Setterlund v. Spierer

11 F.R.D. 601 | W.D. Mo. | 1951

REEVES, Chief Judge.

It appears from the pleadings that all of the parties are non-residents of Missouri, but that there is a diversity of citizenship for jurisdictional purposes. The complaint is based upon claimed injuries from an automobile accident occurring in Laclede County, Missouri. Concededly there is a diversity -of citizenship between the plaintiff and all of the defendants.,

The suit was originally brought in the Southern Division of this court and service of process was had conformable to Sections 506.200 to 506.320, R.S.Mo.1949, commonly referred to as the non-resident service act, or, more properly, referred to as fixing the rule of service in cases of “Actions Against Nonresident Motorists.” The venue of actions thus instituted is fixed as follows, see Section 506.290, R.S.Mo. 1949: “Any suit under the provisions of sections 506.200 to 506.320 shall be filed in the county in which the cause of action accrues * * Concededly the cause of action, if one exists, accrued in Laclede County, and the court takes judicial notice that Laclede County, Missouri, is in the Southern Division of the Western District of Missouri, where the suit was actually filed.

In the matter of the service of process, Rule 4, Federal Rules of Civil Procedure, 28 U.S.C.A., provides as follows:

“(d) * * *
“(7) Upon a defendant of any class referred to in paragraph (1) or (3) of this subdivision of this rule, it is also sufficient if the summons and complaint are served in the manner prescribed by any statute of the United States or in the manner prescribed by the lava of the state in which the service is made for the service of summons or other like process upon any such defendant in an action brought in the courts of general jurisdiction of that state.” (Italics mine.)
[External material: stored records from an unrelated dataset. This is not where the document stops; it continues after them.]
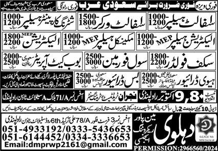 Vacant posts including bobcat operator, civil foreman, electrician helper mep, mechanical helper mep, htv driver, driver, mechanical helper, shuttering carpenter helper, electrician helper, electrician, bus driver, scaffolder, asphalt worker, heavy driver and asphalt helper are announced in Dahlawi Manpower Recruiting Riyadh, dammam Saudi Arabia as per 4 October 2024 advertisement in daily Express Newspaper. DAE, Middle, Matric, Bachelor and Intermediate etc. educational qualification will be preferred.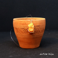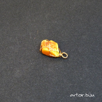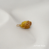 Подвеска для украшений с натуральным янтарём, оплетенным проволокой. Позолота. Подойдет на цепочку до 5 мм.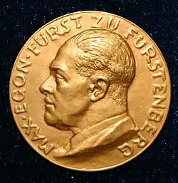 A close friend and adviser of Emperor Wilhelm II of Germany,[2] Max of Fürstenberg inherited territorial titles in Prussia, Austria, Hungary, Württemberg and Baden, and by virtue of them had a seat in the House of Lords in each of the five states.[3] Until the First World War, he was vice-president of the Prussian House of Lords.[4]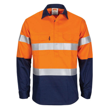 DNC Hivis Patron Saint Flame Retardant 2 Tone Closed Front Cotton Shirt with 3M F/R Tape - L/S 3407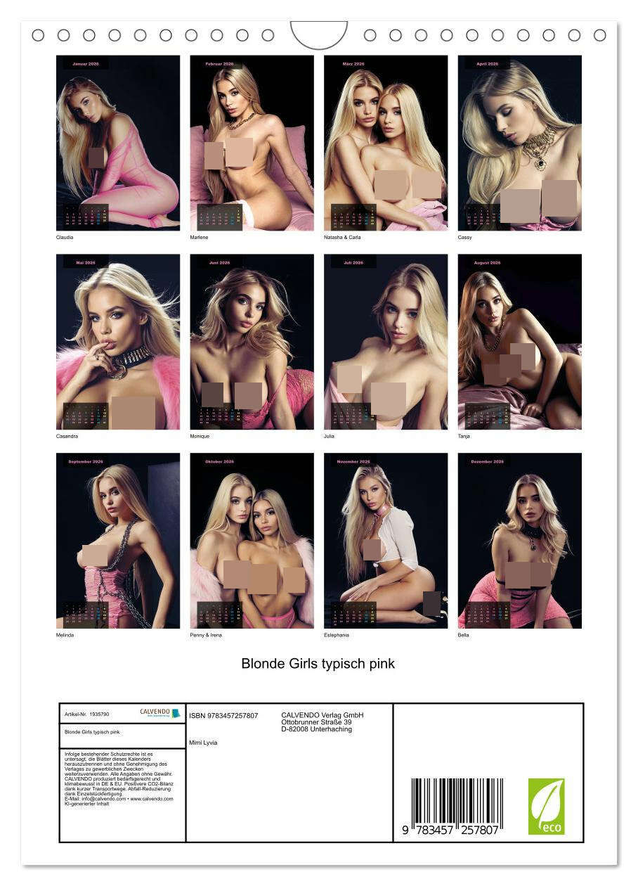 Blonde Girls typisch pink (Wandkalender 2026 DIN A4 hoch), CALVENDO Monatskalender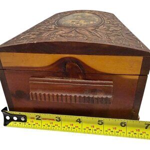 Wooden Jewelry Trinket Box Floral Carving Cottage Scene Mirror Rounded Lid Vtg
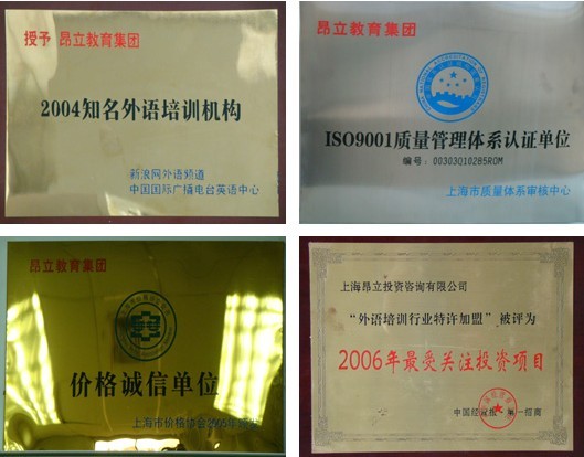 2001年,昂立教育在全国外语培训学校中率先通过ISO9001的国际质量认证体系,开创培训界先河;2003年,昂立教育被“新浪网”评为全国十大知名外语培训机构;2004年,昂立教育以总分第一名被评为“上海十佳外语培训机构”;2005年,在由搜狐等全国多家知名媒体单位组织的“2005度中国教育总评榜”评选中,昂立教育集团更是一举荣获 “中国十大品牌教育集团”、“中国优秀青少儿培训机构”、“2005年度综合实力知名外语培训机构”、“中国优秀商务英语培训机构”等多项殊荣;2006年,昂立再次获得“中国十大品牌教育集团”的殊荣。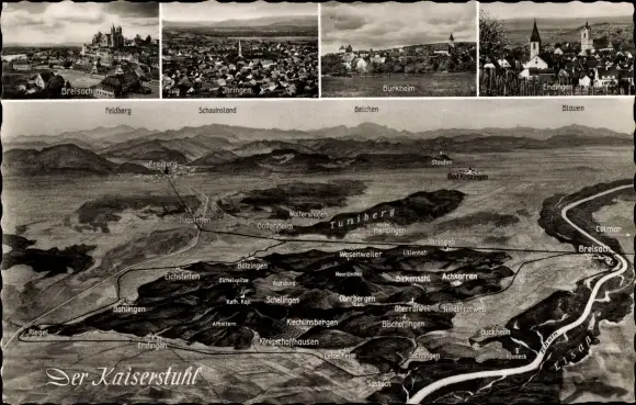 Ak Ihringen am Kaiserstuhl, Totalansicht, Landkarte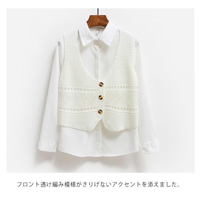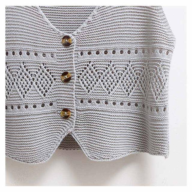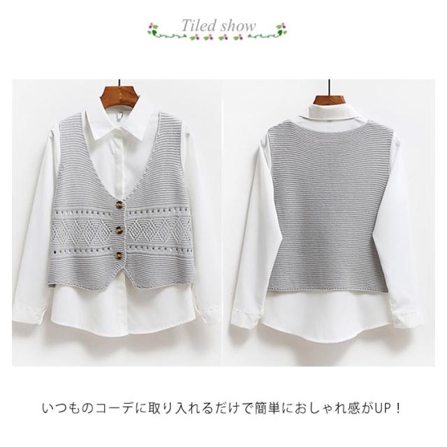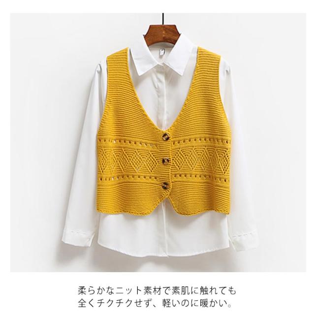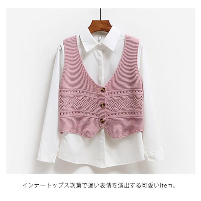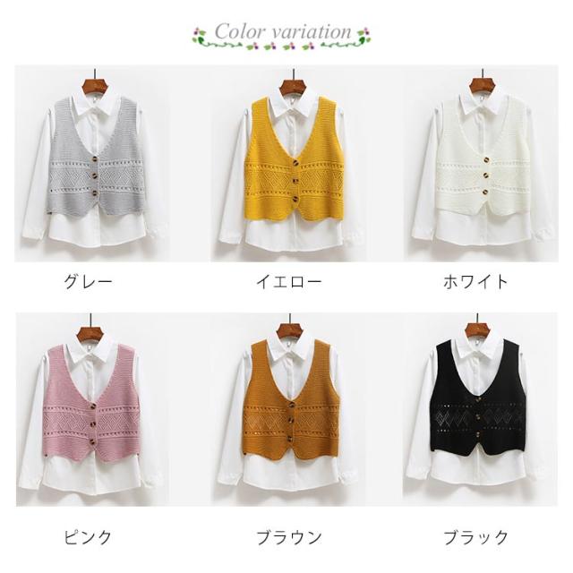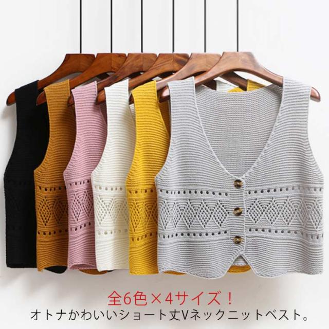 | 全6色×4サイズ!オトナかわいいショート丈Vネックニットベスト。 いつものコーデに取り入れるだけで簡単におしゃれ感がUP! フロント透け編み模様がさりげないアクセントを添えました。 柔らかなニット素材で素肌に触れても全くチクチクせず、軽いのに暖かい。 インナートップス次第で違い表情を演出する可愛いitem。 | |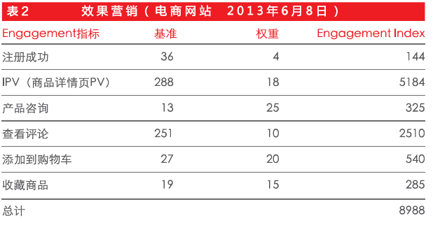 为了后面的计算关系,我们把每个Engagement指标都变成1为基准,我们可以得到一系列比例关系, 有了这个对应关系,我们可以很容易地给转化发生之前的所有重要事件定义Engagement的权重。如果我们以1个转化为100分计算,按照各个不同行为的实际值,计算出各指标的Engagement Index完全轻而易举(表2)。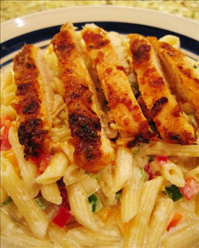 I tasted a wonderful Cajun pasta dish on a kayaking trip and attempted to recreate the delicious flavors from memory,” Mary Spikowski explains from Columbus, Ohio. “Chicken can also be grilled, then sliced on top of pasta.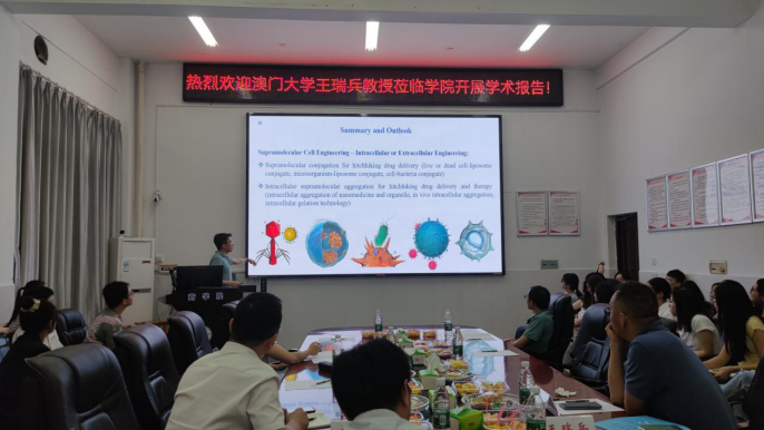 王瑞兵教授以四张简易有趣的图片开场,从三个层面展开,分别是分子层面的超分子主客体结合、纳米层面的“乐高式”组装、细胞层面的超分子组装(纳米药物通过超分子主客体组装与细胞“牵手”或者细胞内部“牵手”)。在众多有效的给药途径中,给药障碍一直是一个挑战,而细胞有着免疫逃逸和特异性蓄积,可以作为理想的药物载体进一步研究。王瑞兵教授着重讲述了超分子细胞工程的两个方面,搭便车给药的超分子偶联和搭便车给药和治疗的超分子给药聚集,通过超分子方式与纳米药物“牵手”,可以稳定细胞搭载的药物。比如,在巨噬细胞表面的纳米药物逆转了炎症的进展,超分子细胞递送化疗药物与anti-PDL1联合用药极大的增效了小鼠黑色素瘤的免疫治疗效果。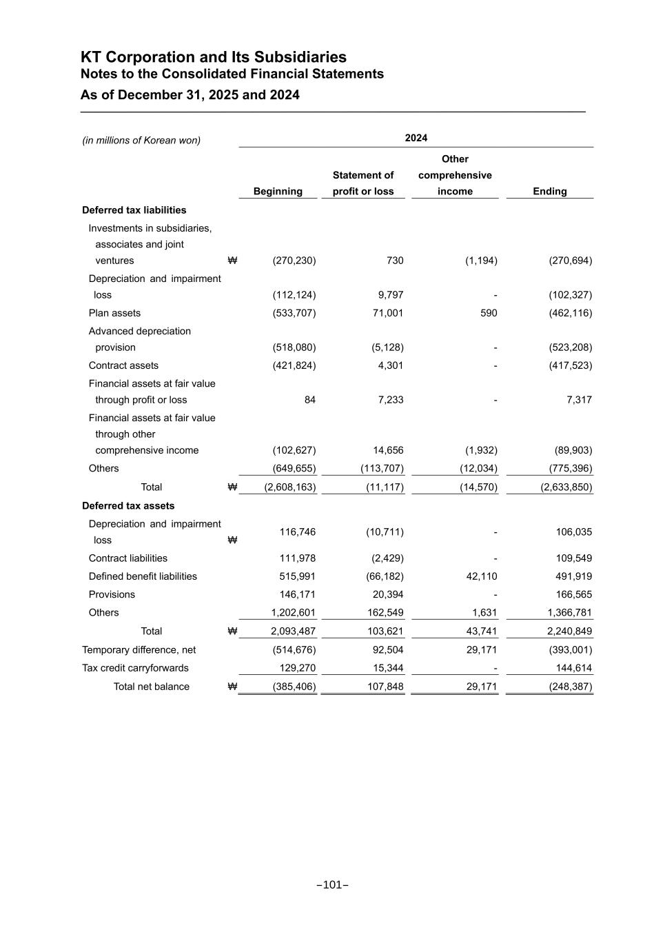 KT Corporation and Its Subsidiaries Notes to the Consolidated Financial Statements As of December 31, 2025 and 2024 (in millions of Korean won) 2024 Beginning Statement of profit or loss Other comprehensive income Ending Deferred tax liabilities Investments in subsidiaries, associates and joint ventures ₩ (270,230) 730 (1,194) (270,694) Depreciation and impairment loss (112,124) 9,797 - (102,327) Plan assets (533,707) 71,001 590 (462,116) Advanced depreciation provision (518,080) (5,128) - (523,208) Contract assets (421,824) 4,301 - (417,523) Financial assets at fair value through profit or loss 84 7,233 - 7,317 Financial assets at fair value through other comprehensive income (102,627) 14,656 (1,932) (89,903) Others (649,655) (113,707) (12,034) (775,396) Total ₩ (2,608,163) (11,117) (14,570) (2,633,850) Deferred tax assets Depreciation and impairment loss ₩ 116,746 (10,711) - 106,035 Contract liabilities 111,978 (2,429) - 109,549 Defined benefit liabilities 515,991 (66,182) 42,110 491,919 Provisions 146,171 20,394 - 166,565 Others 1,202,601 162,549 1,631 1,366,781 Total ₩ 2,093,487 103,621 43,741 2,240,849 Temporary difference, net (514,676) 92,504 29,171 (393,001) Tax credit carryforwards 129,270 15,344 - 144,614 Total net balance ₩ (385,406) 107,848 29,171 (248,387) -101-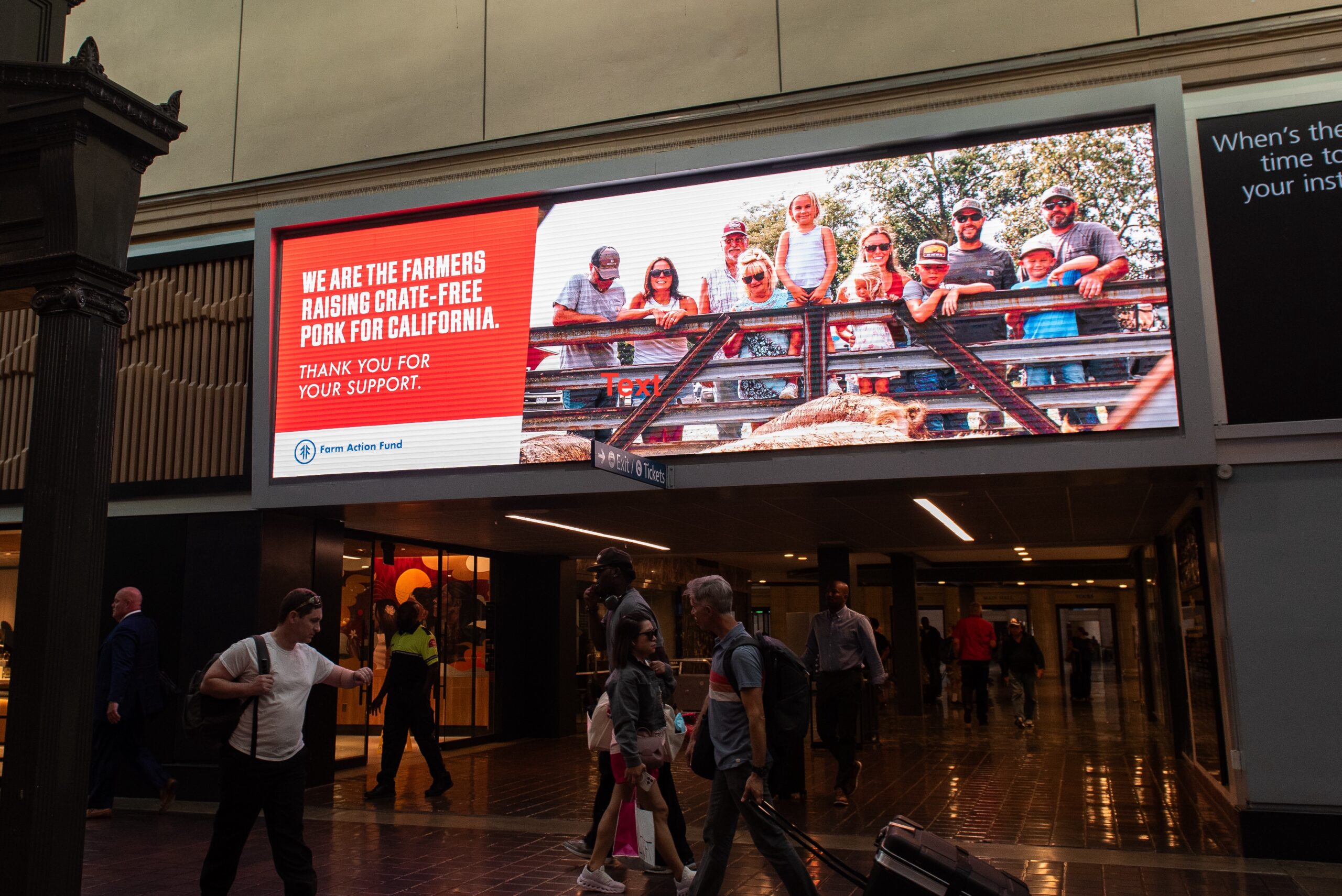Meanwhile, Farm Action and Farm Action Fund bought ads across Union Station and Reagan Airport, hired a mobile billboard to circle the Capitol and sent postcards in every legislator’s mailbox saying, “Thank you for supporting Prop 12.”

It would have been permissible for the plaintiff in this case under the Missouri Statute to have brought his suit in the Circuit Court of Laclede 'County, Missouri, in which event, of course, it would have been the right of the defendants to have removed the case to the Federal Court and the case would have then been lodged in the Southern Division of this district. The plaintiff, however, being a nonresident, and there existing a diversity of citizenship, chose to bring suit originally in the Southern Division, where, by Missouri Statute, the venue of the case was fixed. This statute is a matter of substantive law, and not procedural, and the federal courts must respect and follow the substantive law of the state.

Accordingly, the several motions to dismiss or to quash service should be and will be overruled for the reason that it is admitted that service was had upon the Secretary of State conformable to the provisions of the nonresident motorists’ law.

The wife of one of the defendants has filed a motion to dismiss upon the ground that she was a mere passenger in her husband’s car (the husband being *603named as a defendant) and that therefore she had no part in the occurrence of the accident. If the facts contained in the motion are established by the evidence, then, of course, a dismissal would be had as to this movant. The court could not at this time, however, dismiss the action against her without proof of her relationship to the transaction, or, probably better expressed, her lack of relationship.

Accordingly, the several motions will be overruled.